§ **DATA BLOCK**:
"""

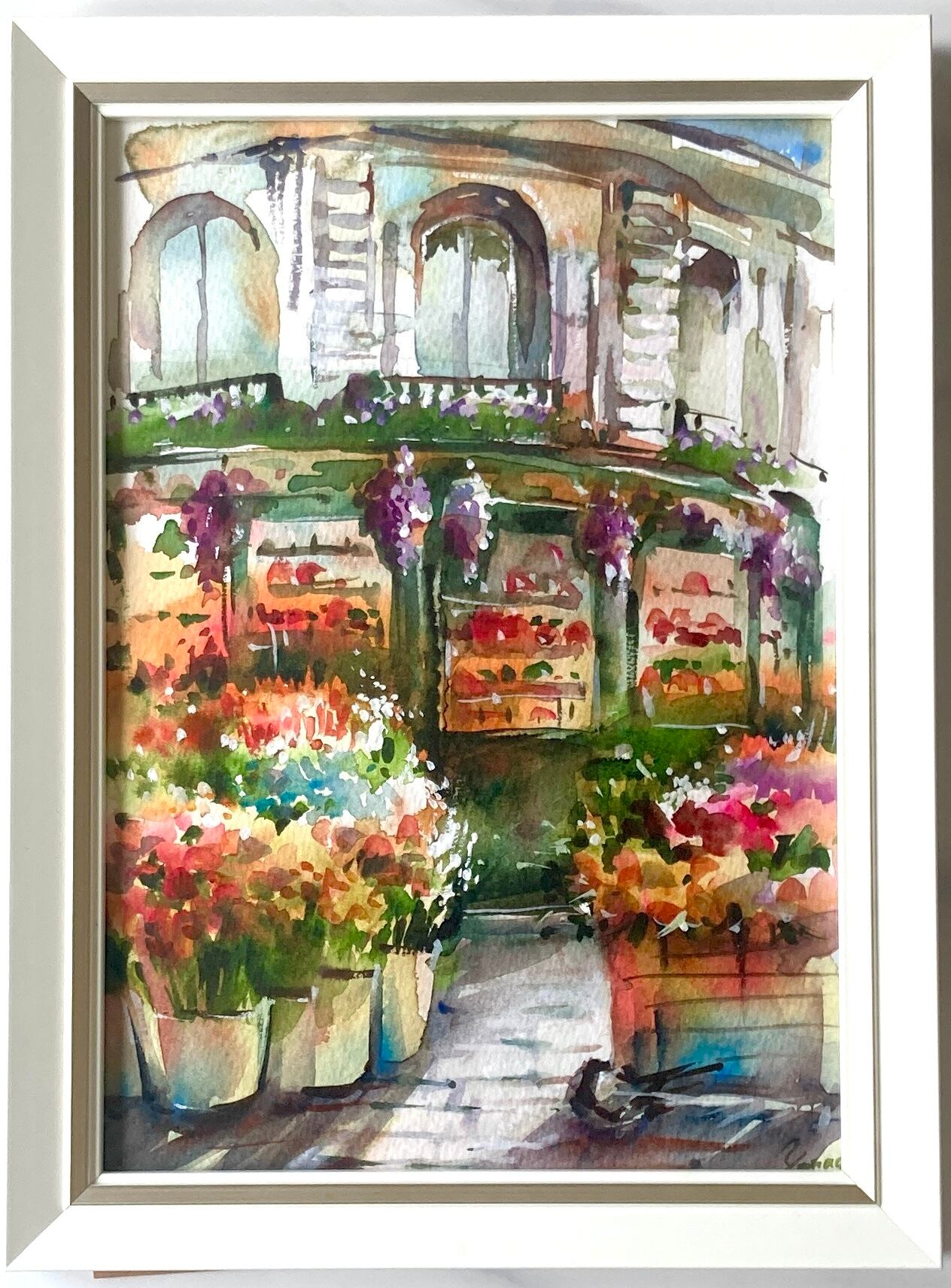 水彩画 原画 街角の花屋
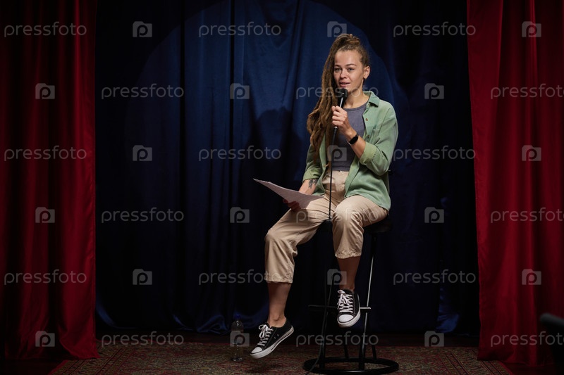 Молодая женщина, выполняющая стандартную комедию на сцене
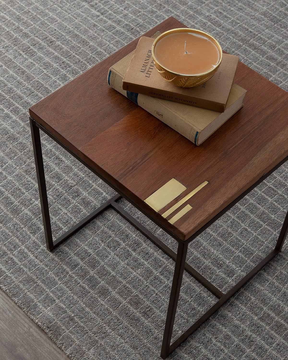 Mesa Estúdio Trindade para Semana Criativa de Tiradentes; livros Vanessa Taques; vela Sarquis Samara; tapete Hariz Haus.
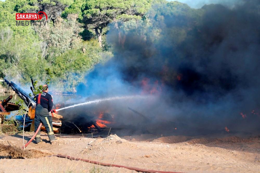 Polis ekiplerinin müdahale edeceğini gören bazı çardak sahipleri, tahta çardaklarını ateşe verdi.

"""

Copy out the lines above unchanged. Skip the images.

§ **SOLVED EXERCISE**:
 水彩画 原画 街角の花屋
 Молодая женщина, выполняющая стандартную комедию на сцене
 Mesa Estúdio Trindade para Semana Criativa de Tiradentes; livros Vanessa Taques; vela Sarquis Samara; tapete Hariz Haus.
 Polis ekiplerinin müdahale edeceğini gören bazı çardak sahipleri, tahta çardaklarını ateşe verdi.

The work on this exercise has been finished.